It would be safe to assume that if your dad was one of the greatest guitar players who ever lived, your own guitar-playing journey would be in safe hands. But that, surprisingly, wasn’t the case for Wolfgang Van Halen – his dad was a “terrible” teacher.
The Mammoth multi-instrumentalist is on the promo trail for his third album, which has already given us a cheeky Hot For Teacher tribute and tapping licks that Ola Englund daren’t try to imitate; now, he’s revealed that he has Paul Gilbert to thank for his earliest six-string skills.
“My dad was a great guitarist but a terrible guitar teacher – he’d tell you that himself,” Wolfgang reveals to Guitar.com. “He even called Paul Gilbert one time and asked him if he would give me a lesson, and he laughed his ass off.”
Aside from his exemplary shredding in Mr Big, Racer X, and across his multi-faceted solo career, Paul Gilbert has got plenty of teaching experience under his belt.
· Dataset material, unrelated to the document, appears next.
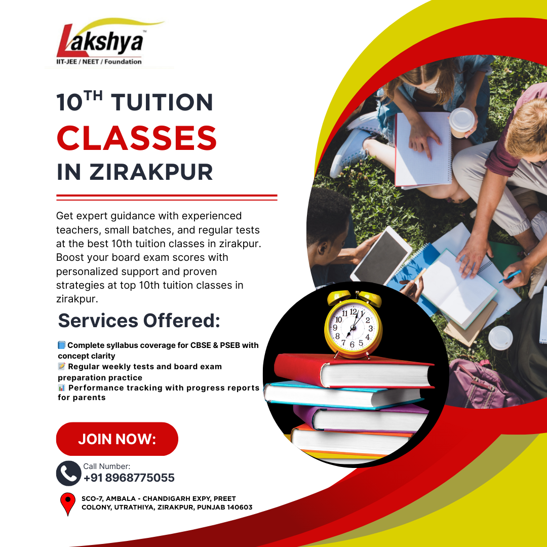 If you are searching for the best 10th tuition classes in Zirakpur, our institute provides simple and effective coaching to help students score well in their board exams. Our experienced teachers give personal attention in small batches and make sure students clearly understand subjects like Maths, Science, English, and Social Studies as per the latest CBSE and PSEB syllabus. We conduct regular tests, clear doubts on time, and follow proper revision plans to improve confidence and marks. Our 10th tuition classes in Zirakpur offer a friendly and supportive learning environment that helps students build strong basics and prepare well for higher studies. For more details contact us +91 8968775055. Keywords:

He had a column in Total Guitar, spanning 30-plus issues, had previously done likewise for Guitar Player, and has taught the likes of Buckethead and Satchel from Steel Panther.
“That just shows you how he felt about being a teacher,” Wolfgang continues. “And, yeah, he was right. He’d be like, ‘Just do it like this.’ ‘Well, how?!’ You’re at such a different level, you’re just not even thinking in the same way.”
That doesn’t mean his pop didn’t impart any knowledge to his son. Speaking with MusicRadar last summer, he said the biggest guitar solo lesson he ever got was from his dad, who instilled the need for melody over virtuosity to make them stand out.
“Not every song needs a solo,” he had said. “You can play a solo that's one note that can be way more impressive than a solo that's 2000 notes. It's not really the speed at which you play.”
He pointed to Intervals’ Aaron Marshall – whom he recently gifted his new signature guitar – as an example of a player taking his dad’s philosophy on board. He had called him “a singer as a guitar player.”
Elsewhere, Wolfgang has spoken of the risk of covering Van Halen songs live, and why recording Mammoth songs with Eddie's infamous Frankenstein Strat makes him feel “closer to Pop.”